In May this year, UK cosmetics firm Lush launched its #Spycops campaign, an open criticism of certain undercover policing practices that occurred in the United Kingdom in the 1980s and 1990s. While the UK media continues to keep tabs on the story as an official inquiry gets underway, Lush decided to openly criticise the police with a campaign that included hard-hitting videos, posters, and even police tape across shop windows.
It did not go down well. In addition to the public backlash, there was the industry response, with marketing professor and Marketing Week contributor Mark Ritson calling it “a new low for brand purpose.”
Lush had gone from brand purpose into brand activism, and it did not resonate with a wider audience that knows them for sweet smelling bath products made from natural ingredients.
However, this type of campaign isn’t new for Lush. Many people are unaware that the company supports environmental and animal rights groups involved in direct action both in the United Kingdom and the United States. It has a focus on small grassroots groups with profits from the sale of certain products going directly to funding them.

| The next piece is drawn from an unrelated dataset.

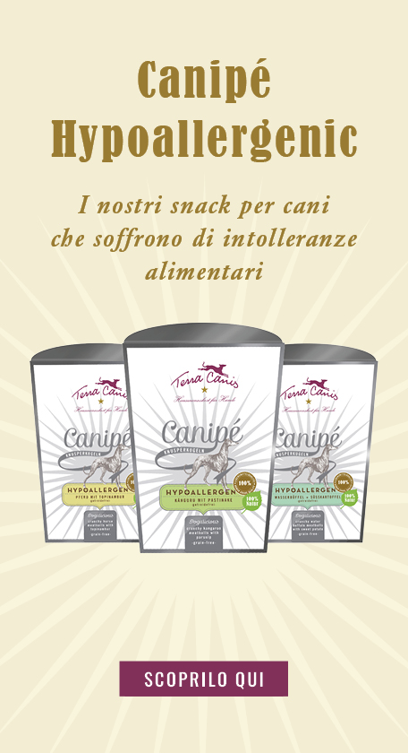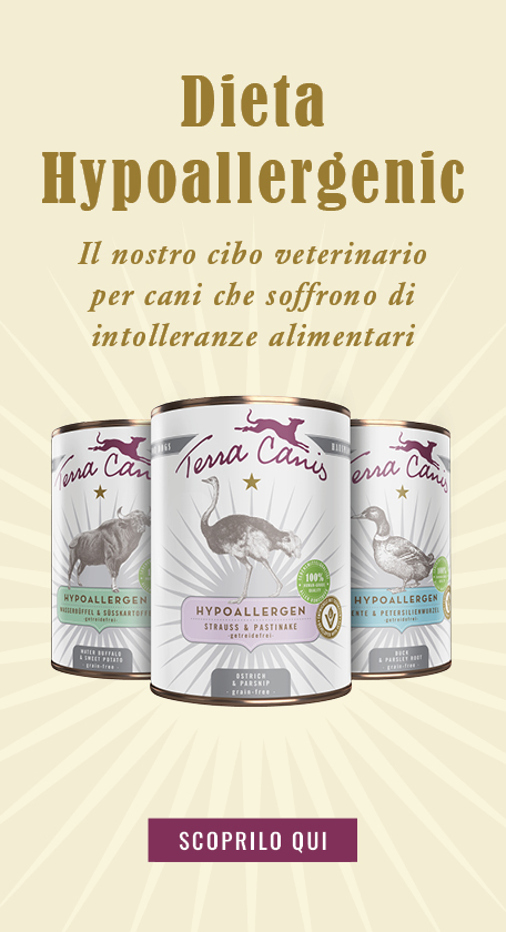 2. Cibo disponibile in commercio composto da una fonte di proteine e una di carboidrati che l’animale non ha mai consumato. Questo metodo è possibile utilizzando i menù ipoallergenici di Terra Canis: cibo per cani ipoallergenico: particolarmente adatto in caso di intolleranze

This is part of its brand DNA and it makes sense: The company bases its entire ethos on sourcing ethically and opposes testing on animals.
With the #Spycops campaign, Lush felt confident it would connect with a far left-leaning base of brand advocates. But like a previous campaign in 2013 that didn’t get as much heat, where Lush called on its customers to fight lethal drone attacks, the firm stepped beyond the area where the wider audience believes it has “permission to speak.”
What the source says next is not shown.